Georgia State (Atlanta, GA)

No surprise that a whopping 54,915 people would parish in the 4.5 mile crater with an additional 5,704,109 Georgians sizzled by the 27 mile wide fireball. The misery continues for the 1,572,497 people receiving painfully lethal 3rd degree burns, prompting the Georgia legislature to christen the asteroid “General Sherman.”

James Madison (Harrisburg, VA)

Without ceremony, 24,821 Dukes would get destroyed in the 4.5 mile crater, and an astonishing 6,686,721 people would be consumed by the 27 mile wide fireball. Break out the ointment for the 9,071,374 people receiving 2nd degree burns. Despite the destruction and massive loss of life, the NCAA would still deny the Dukes a bowl game.

Louisiana (Lafayette, LA)

You can bid au revoir to 26,476 Cajuns getting crushed inside the 4.5 mile crater, along with the 1,942,329 people roasted by the 27 mile wide fireball. To add more misery to the mayhem, tack on 324 deaths from the subsequent earthquake. Rustin would be snickering were they not also absorbing 40,000 mile per hour winds.

ULM (Monroe, LA)

Provided that they’re not at a LSU game, 19,000 very casual Warhawks fans get pulverized inside the 4.5 mile crater – followed by1,608,088  people getting cooked by the 27 mile wide fireball. Get ready for a run on Rite Aid because 1,495,891 people are getting 3rd degree burns! The only thing that can save Monroe is that the asteroid is absorbed by the city’s immensely dense indifference.

Marshall (Huntington, WV)

Immediately 27,065 people get flattened, and then 4,184,335  people get grilled by the 27 mile wide fireball. Did you survive? Too bad, because now 347,275 poor saps get liquified by a 269 decibel shockwave. The Krakatoa explosion was only 172 decibels, and that shockwave circled their earth not one, not twice, not thrice, but four times. But the Herd will always have that win over Notre Dame, so the Karma evens out.

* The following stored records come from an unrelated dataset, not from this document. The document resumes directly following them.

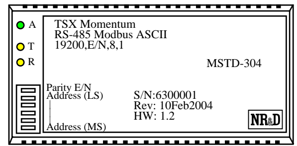
Figure 1 MSTD-304 Layout

The MSTD-304 is powered by the Momentum base. LED indicators show the state of POWER(A), Serial TX(T) and RX(R). The green A LED should be on if the MSTD-304 is properly powered by the base. The A light will flash slowly if the unit is set to slave address 0. The yellow T light is on while the MSTD-304 is transmitting data while the R light indicates data arriving at the MSTD-304.
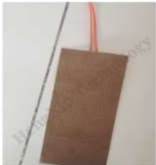
Teflon Film Heater
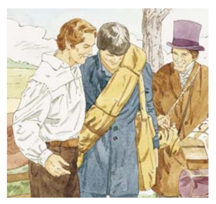
The men told Joseph about their missions. They had baptized many people. They were happy about their missions, and Joseph was happy too.

Doctrine and Covenants 84, section heading
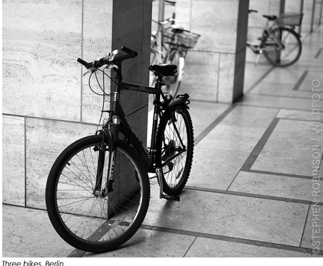
Three bikes, Berlin
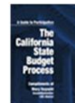
The California State Budget Process
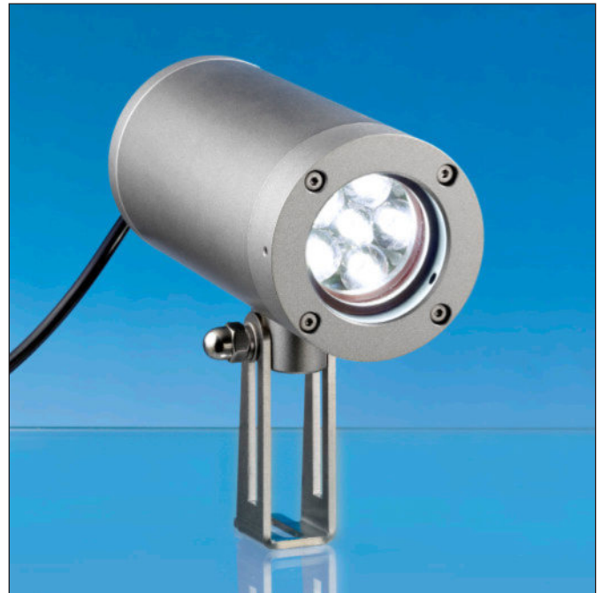
Lumistar luminaire ASL55LED-Ex

Old Dominion (Norfolk, VA)

Right away, you can say adios to the 45,034 people now reduced to atoms in the 4.5 mile wide crater. Go ahead and pay the same sad sentiments to the 4,226,647 citizens blasted by that 27 mile wide fireball. You want to talk about 2nd degree burns? Okay. Count on 6,798,858 groaning people soaking in aloe vera for the next few months. It’s all good. We needed a New Dominion anyway.

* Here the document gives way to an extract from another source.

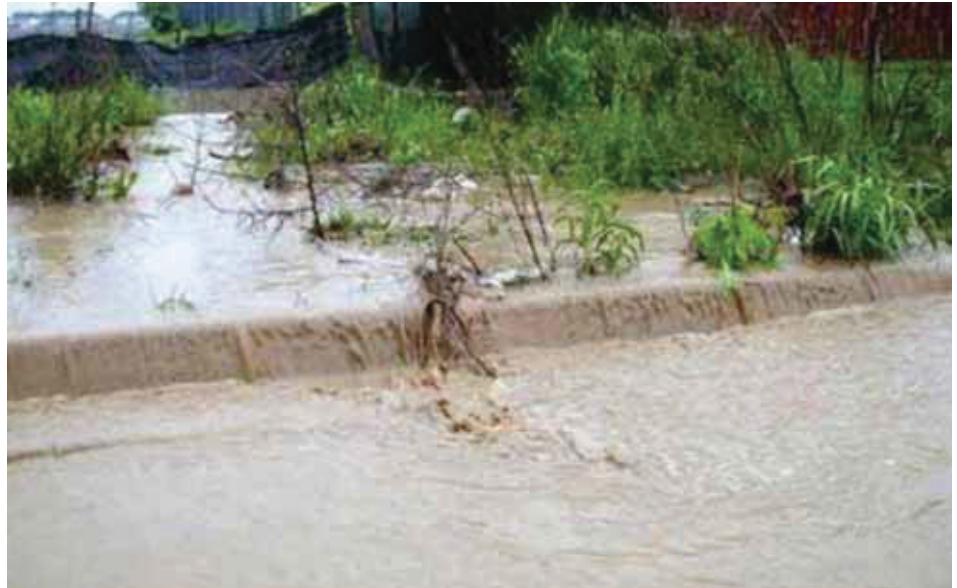
Water flowing through a watershed picks up things in its path and carries them along, including pollution and debris.

The way we use and develop the land changes not only where stormwater goes and how fast it gets there, but also what it meets along the way — parking lots, roads, roofs, farms, ranches, ball fields and more. Whatever stormwater runoff picks up from these places, it carries into Washington's waters.

South Alabama (Mobile, AL)

Watch out, Mobile! 18,619 of your citizens are now gooey flesh pancakes. The 27-mile fireball reduces Alabama’s population by another 1,774,927. What about that high-decibel thunderclap? The Shockwave of Death removes 418,269 from the Earth. Not a good day for South Alabama, absolutely, but somehow still better than the Steve Campbell era.

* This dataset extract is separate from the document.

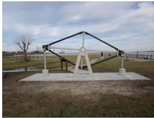
Photos of Restored “Walking Beam” from USS Clifton installed at Sabine Pass Battleground
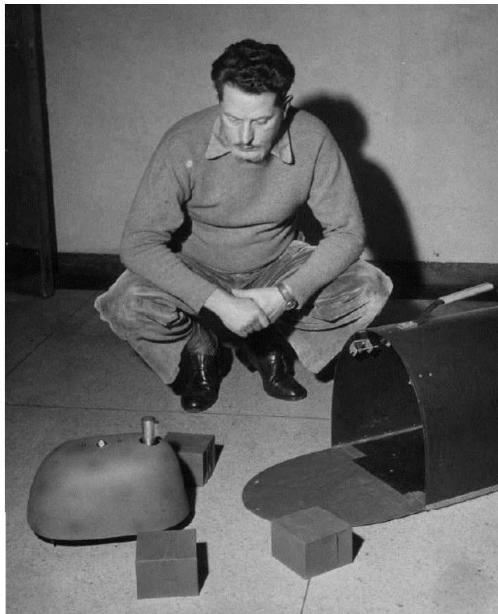
Figure 4: Grey Walter watches one of his tortoises push aside some wooden blocks on its way back to its recharging hutch. Circa 1952.

There was much discussion in meetings of what kind of intelligent behaviour might be possible in artefacts and, more specifically, how the new general purpose computers might exhibit mind-like behaviour. Mackay was quick to point out that “the comparison of contemporary calculating machines with human brains appears to have little merit, and has done much to befog the real issue, as to how far an artefact could in principle be made to show behaviour of the type which we normally regard as characteristic of a human mind.” (Mackay 1951)

Southern Miss (Hattiesburg, MS)

Some might say getting instantly crushed from existence would be a mercy to 14,928 people from Hattiesburg. (Of course, those people would be mean for saying such a mean thing.) One thing that definitely has no mercy and is very mean is the the 27-mile fireball that takes out another 2,231,195 people. It’ll be hard for Southern Miss to overcome this, but we hear that alumni Brett Favre knows how to secure some federal funding.

Texas State (San Marcos, TX)

We hear you like to party in San Marcos, but try dancing the Macarena in a 4.5 mile crater filled with 35,918 flattened bros. When the 27-mile fireball hits, you can subtract 4,016,512 more people from the shindig. Instead of keg stands, 4,087,278 people with 2nd degree burns will be lining up for water and a soothing salve. Party’s over, Texas State. You don’t have to go home, but you can’t stay here – because it’s wiped off the face of the Earth.

Troy (Troy, AL)

We’ve hurled thirteen asteroids now, and the fourteenth has instantly squished 10,995 Trojans with the 27-mile fireball incinerating 2,860,815 more. Quite frankly, we’re exhausted, and we might have pulled a hamstring.

CORRECTION: An earlier version of this post incorrectly listed “Harrisonburg” as “Harrisburg.” The parties responsible have be executed via asteroid.